07-10-2025, 21:51

Pub "Pusta Baryłka"
Między bocznymi uliczkami dzielnicy Shepherd’s Bush, w cieniu rozłożystego kasztanowca i za rdzewiejącym ogrodzeniem z kutego żelaza, stoi „Pusta Baryłka” - pub, którego nikt specjalnie nie reklamuje, a jednak zawsze znajdą się w nim goście.
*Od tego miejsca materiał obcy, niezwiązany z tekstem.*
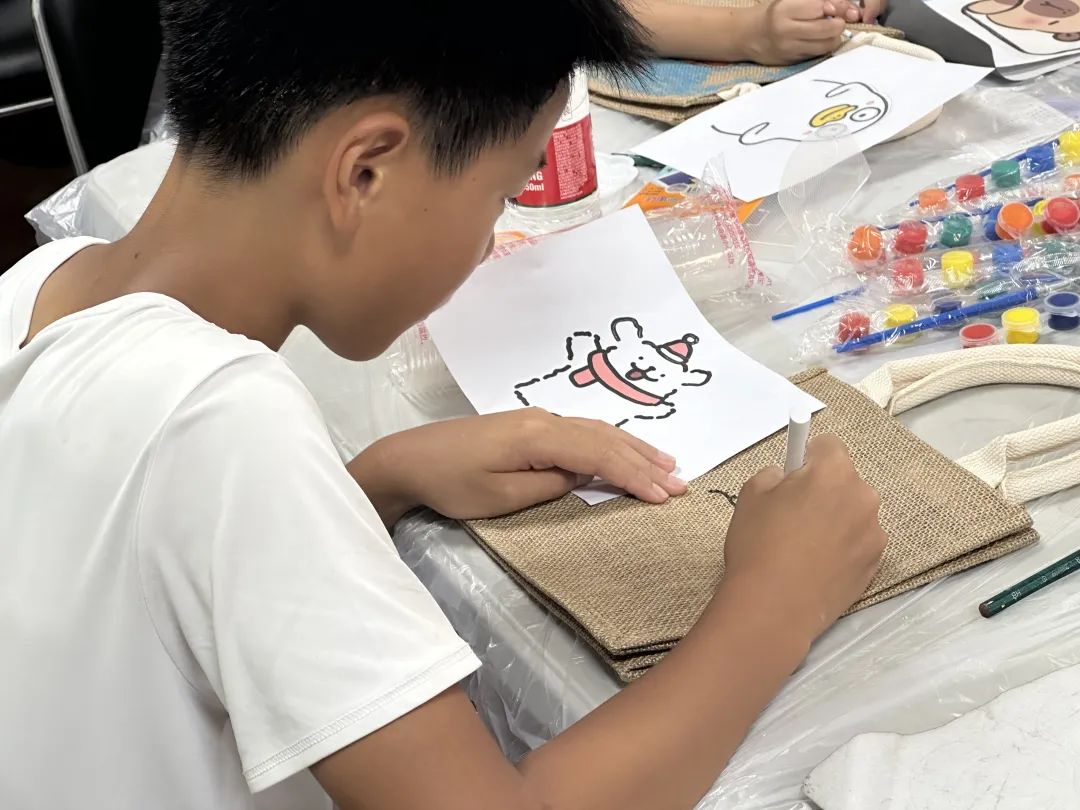 钦北居民区以“美丽‘装’幸福”为主题,举办了彩绘麻布袋手工活动。在老师的启发下,青少年们纷纷拿起画笔,将平凡的麻布袋变成独一无二的艺术品。

Budynek z zewnątrz wygląda, jakby nie zmienił się od stu lat: omszałą cegła, okna z wyblakłymi zasłonami, ledwie czytelny szyld potrzebujący odnowienia. Wnętrze jest ciemne, zadymione, wypełnione ciężkim zapachem tytoniu oraz dobrego gatunku piwa. Ściany obite są ciemnym drewnem, a z sufitu zwisają niskie lampy z bursztynowymi kloszami, które rzucają mdłe i rozproszone światło. Masywna lada skrywa setki wypolerowanych na błysk kufli. Stoją na niej również stare, mosiężne pompy do piwa. W rogu pubu stoi stary gramofon, grający różnorodną muzykę dopasowaną do nastroju. Przy drzwiach znajduje się specjalny stół z krzesłami, na którym zawsze gra się w karty. Właścicielem jest pan Rowlins: stary mężczyzna o przysadzistej sylwetce i zachrypniętym głosie. „Pusta Baryłka” ma też piwnicę. Schody do niej prowadzą za niskimi drzwiami pod ladą. Gwar głośnych rozmów rozbrzmiewa tu niemalże przez cały czas, gdyż Pub otwarty jest niemalże całą dobę.